Moreover, remittances are an essential part of the migratory virtuous circle. Highly skilled, skilled and less skilled migrants leave their countries of origin in search of employment and a better life. They are not using their skills back home but in another country. They constitute a loss for their country and their families. The fact that they are able to find work in their hosting country and send money back home compensates for the loss and helps the home country develop
In the realm of remittances, the only weak link – where abuses and corruptive practices can snake in – lie in the transfer process used to send the money from country A to country B. Remittances organizations or Money Transfer Operators need to be able to deliver moneys to the designated beneficiary.
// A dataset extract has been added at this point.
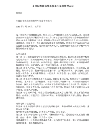 全日制普通高等学校学生学籍管理办法是由教育部于1983年1月20日发布的法规性文件。该管理办法涵盖了入学与注册、成绩考核与记载办法、升级与留、降级、转专业与转学、考勤与纪律等多个方面的具体规定。[1][2]
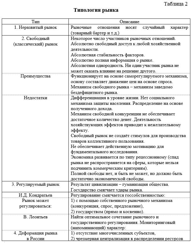 Существует несколько классификаций типов рынка одна из них приведена в таблице 2.

However, in some countries governments have restricted the number of local delivery points or licences to remitting entities. Licences have to be obtained and multiple intermediaries paid off. This in turn allows only a few players into the market who can, then, take advantage of the situation. Not unlike micro-finance, once a useful, positive and efficient tool of development, remittances have slowly been diverted into the pockets of those who need the least but who control the flow.
Money Tranfer Operators : “the anatomy” of a predator!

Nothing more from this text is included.